The expression and activity of COX-1 in HUVEC regulates the formation of tubular structures induced by cancer cells (Tsujii et al., 1998). LL-37, the only cathelicidin protein expressed by humans, upregulated in breast, ovarian and lung tumors (Larrick et al., 1995; Coffelt et al., 2009; Weber et al., 2009; Haussen et al., 2008).The Cathelicidin LL-37 can induce a proangiogenic response via cPLA2-COX-1-PGE2-EP3 Signaling in human ECs, which is suppressed by aspirin in a manner of inhibiting COX-1 in vivo (Salvado et al., 2013) (Figure 2). Activation of PGE2/EP3 axis promotes sprouting angiogenesis by suppression of protein kinase A (PKA)/p-S675- β-catenin/Notch signaling in ECs (Chen et al., 2017). Moreover, fibroblast growth factor-1 and fibroblast growth factor-2 are the first two discovered polypeptides showing proangiogenic effects (Thomas et al., 1985; Esch et al., 1985). FGFR1 (Fibroblast Growth Factor Receptor 1) pathway in microvascular endothelial cells can be activated by EP3 receptor signal mediation (Federica et al., 2008). The 2,5-dihydroxyphenylic acids (Gentisic Acid), a metabolite of Aspirin, is a powerful fibroblast growth factor Inhibitor (Grootveld et al., 1998; Fernández et al., 2010). Furthmore, angiogenic effects of PGE2 are mediated by up-regulation of the C-X-C chemokine receptor type 4 (CXCR4) and CXCR4 expression can be inhibited by aspirin in HMECs (Rosalba et al., 2003). However, it warrants further research to verify the downstream of cPLA2-COX-1-PGE2-EP3 signalling transduction when aspirin antiangiogenesis.

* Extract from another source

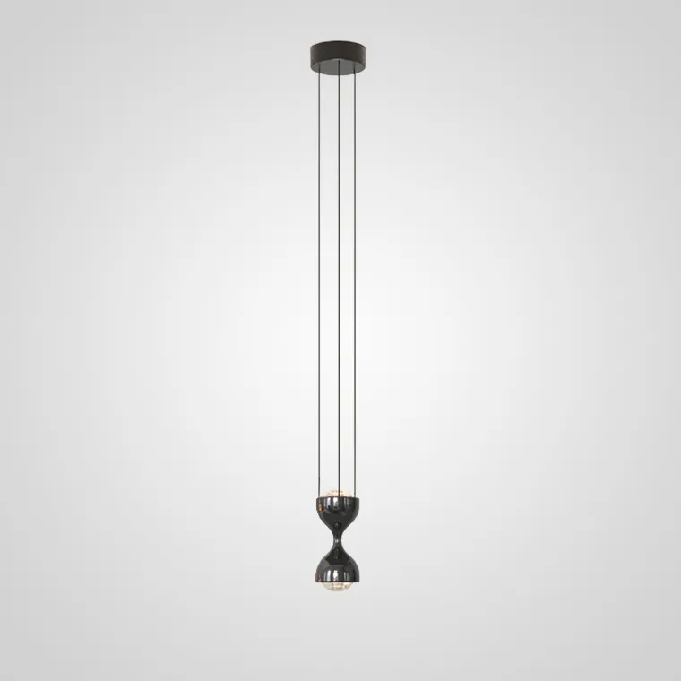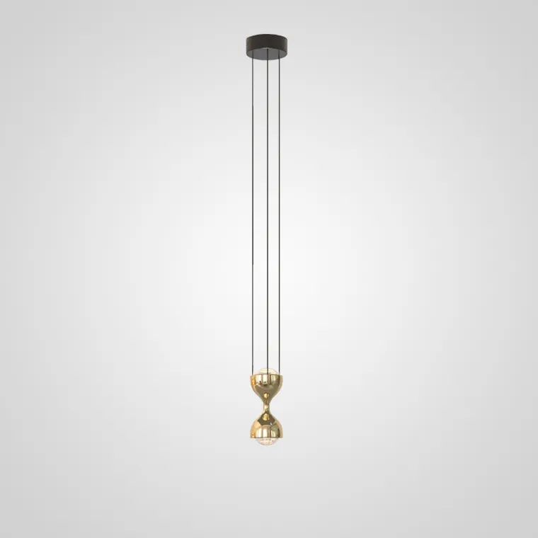 Подвесной светодиодный светильник с двумя линзами в металлическом корпусе в форме песочных часов

Figure 2 Shown some signalling pathways that are targets of aspirin to inhibit tumor angiogenesis.However, it warrants further study to verify the downstream of signalling transduction in these pathways.

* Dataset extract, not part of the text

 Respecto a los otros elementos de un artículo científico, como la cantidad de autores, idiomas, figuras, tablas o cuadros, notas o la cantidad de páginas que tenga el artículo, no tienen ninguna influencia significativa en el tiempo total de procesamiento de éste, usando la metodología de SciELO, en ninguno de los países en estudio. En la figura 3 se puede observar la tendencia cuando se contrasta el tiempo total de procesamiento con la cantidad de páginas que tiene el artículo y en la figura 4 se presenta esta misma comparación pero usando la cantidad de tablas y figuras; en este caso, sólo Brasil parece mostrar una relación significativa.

It has been demonstrated that COX-2 in ECs is vital in regulating angiogenesis, and the microvessel density relate to the level of COX-2 expression (Jones et al., 1999; Kazuhiko et al., 2000). Moreover, in the sponge implanted mouse model, COX-2 mediated prostaglandins can up-regulate the expression of VEGF mRNA (Yoshida et al., 2003).

However, aspirin effectively inhibits COX-1 activity at a pharmacological concentration, but has a weaker active to block COX-2 activity (Meade et al., 1993; Mitchell et al., 1993). In fact, it has been demonstrated that salicylate inhibits Cyclooxygenase-2 transcription induced by IL-1β or phorbol 12-myristate 13-acetate by blocking C/Enhancer-binding Protein β binding to its cognate site on Cyclooxygenase-2 promoter (Michael et al., 2001). Furthermore, aspirin and sodium salicylate at pharmacological concertration blocked COX-2 protein expresion induced by cancer and VEGF (Shtivelband et al., 2003) (Figure 2). COX-2 protein levels in HUVECs, inducing by PMA (Porbolol 12-myristate 13-acetate), inhibited by Aspirin and sodium salicylate in the manner of concentration-dependent (Xu et al., 1999). Therefore, aspirin may inhibit COX-1 activity and COX-2 transcription to regulate angiogenesis.